• WHAT NEEDS TO BE DONE
Using the data below, return word for word every line from the one holding "Actrita si-a schimbat" down to the one holding "У результаті подвійного". Leave pictures out.

• PROVIDED RECORDS
╭──

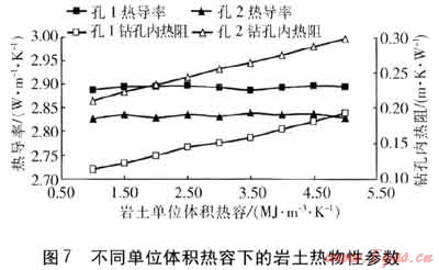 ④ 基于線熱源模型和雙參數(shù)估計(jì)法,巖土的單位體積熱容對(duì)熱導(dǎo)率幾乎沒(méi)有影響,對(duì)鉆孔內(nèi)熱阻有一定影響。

╰──
╭──

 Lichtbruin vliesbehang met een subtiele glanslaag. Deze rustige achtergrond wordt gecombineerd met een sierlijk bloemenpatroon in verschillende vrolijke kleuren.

╰──
╭──

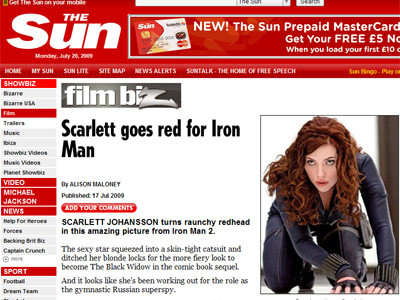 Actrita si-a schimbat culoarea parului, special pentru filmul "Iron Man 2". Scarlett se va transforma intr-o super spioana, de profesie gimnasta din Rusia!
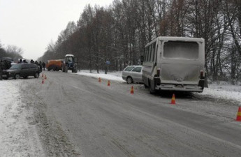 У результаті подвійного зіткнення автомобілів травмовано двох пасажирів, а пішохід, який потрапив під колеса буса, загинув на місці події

╰──

• WRITTEN ANSWER
 Actrita si-a schimbat culoarea parului, special pentru filmul "Iron Man 2". Scarlett se va transforma intr-o super spioana, de profesie gimnasta din Rusia!
 У результаті подвійного зіткнення автомобілів травмовано двох пасажирів, а пішохід, який потрапив під колеса буса, загинув на місці події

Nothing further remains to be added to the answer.